Ils ont la responsabilité de concilier la protection individuelle des personnes qui acceptent de contribuer aux progrès de la médecine et le développement des recherches qui conditionnent ces progrès dans l’intérêt de toute la société. Ils sont appelés Comités d’Ethique de la Recherche dans le langage international.
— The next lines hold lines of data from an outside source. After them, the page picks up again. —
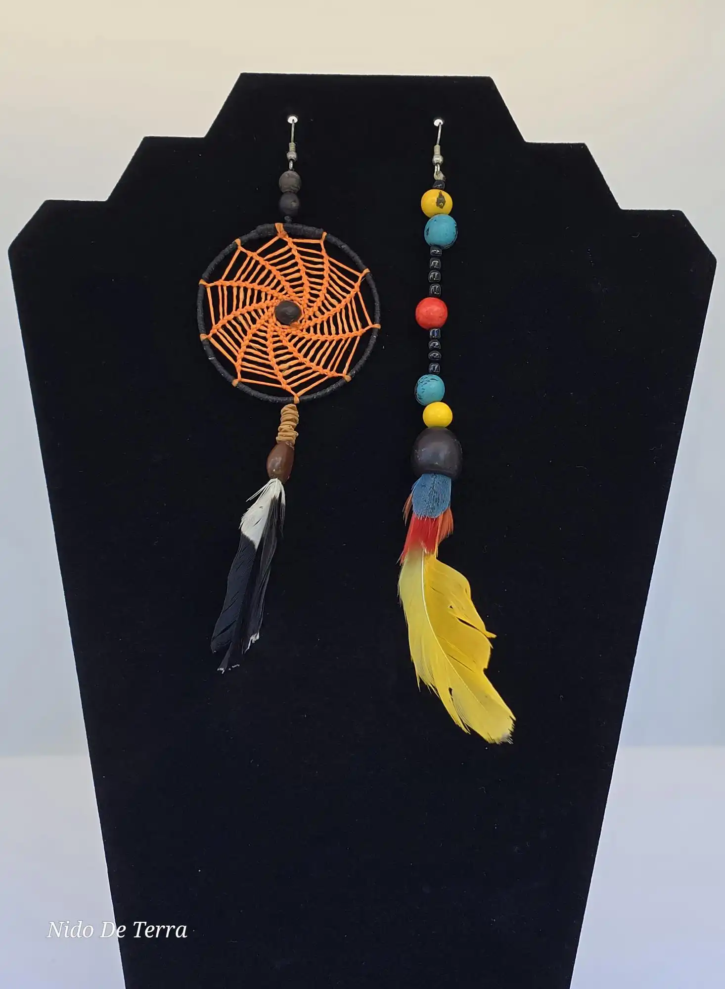 Aretes artesanales con diseño asimétrico que combina un atrapasueños tejido en hilo naranja sobre aro negro, acompañado de plumas negras con puntas blancas, y un segundo arete compuesto por chakiras en tonos fuego y tierra —negro azul amarillo rojo y turquesa— que culmina en una pluma amarilla con acentos rojos. Esta pieza celebra la dualidad y el equilibrio entre lo espiritual y lo vibrante, ideal para quienes desean portar una joya con carácter libre, simbólico y profundamente artesanal.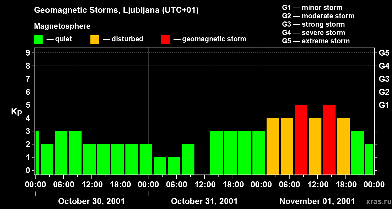 Geomagnetic storms in Ljubljana — Nov 01, 2001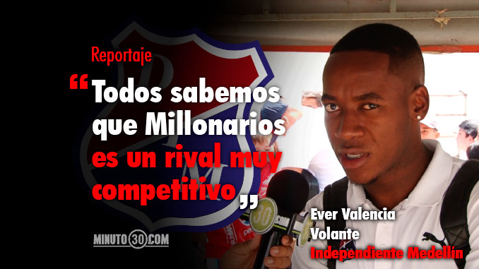 Minuto30.com- En Independiente Medellín todo es “felicidad, tranquilidad y unión” por estos días, así lo manifiesta Ever Valencia, quien está empeñado en ganarse la confianza del entrenador Octavio Zambrano, para así consolidarse en la titular del ‘Equipo del Pueblo’ este semestre.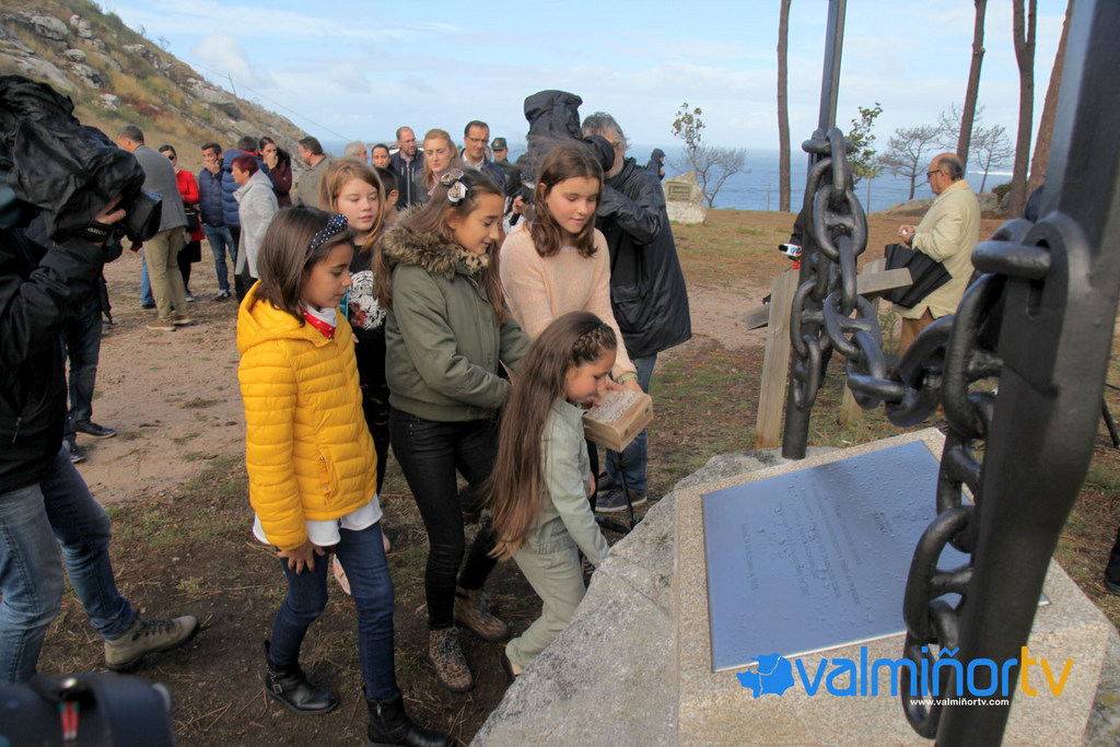 Finalmente, os nenos e nenas depositaron no monumento unha caixa cos seus desexos, dando por inaugurada oficialmente a escultura, e o grupo de gaitas “A Seneira” de Baiona interpretou un tema como broche final ao acto.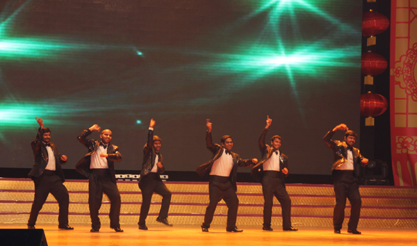 晚會在《金蛇舞新春》中拉開帷幕,近百名演員用歡快的舞蹈,舞出了豐收的喜悅和新春的希望。當(dāng)晚晚會節(jié)目豐富多彩,既有滿文軍、鄭緒嵐、常思思等知名藝術(shù)家的精彩演出,也有各部門各單位推薦的優(yōu)秀節(jié)目。其中,由開發(fā)區(qū)達(dá)人們演唱的《拜新年》,為大家獻(xiàn)上最美好的祝福;由開發(fā)區(qū)宣傳部創(chuàng)作的配樂詩朗誦《我捧起腳下這片熱土》謳歌了開發(fā)區(qū)人甘于奉獻(xiàn),揮灑汗水建設(shè)美好家園的壯志豪情;由開發(fā)區(qū)拓普網(wǎng)絡(luò)的印度專家、護(hù)士、警察、學(xué)生等群眾聯(lián)合主演的情景劇《滿天星》,將人們引入美好的遐想,由公司印度專家改編的“騎馬舞”閃耀全場,將氣氛不斷推向高潮。由于被熱情的舞臺所吸引,印度專家RATHA在其他演員都下場后還盡情的狂跳,幽默搞笑的氛圍感染了現(xiàn)場的每一位觀眾。

Le Comité de Protection des personnes est indépendant, pluridisciplinaire. Il comporte 14 membres titulaires (et 14 suppléants), volontaires et bénévoles, désignés par le préfet de région, répartis dans deux collèges :scientifique et éthique

Le Comité de Protection des Personnes rend son avis au regard de (Article L1123-7 du Code de la Santé) :
• La pertinence de la recherche
• L’évaluation du rapport bénéfices / risques réalisé par le promoteur en préalable à la recherche et du bien fondé des conclusion qui en sont tirées
• L’adéquation entre les objectifs et les moyens mis en œuvre
• La qualité et la formation des investigateurs
• La validité de la recherche en terme de protection des personnes
• L’adéquation, l’exhaustivité et l’intelligibilité des informations écrites
• La protection des personnes (examen médical préalable, affiliation à un régime de la Sécurité sociale, durée d’exclusion)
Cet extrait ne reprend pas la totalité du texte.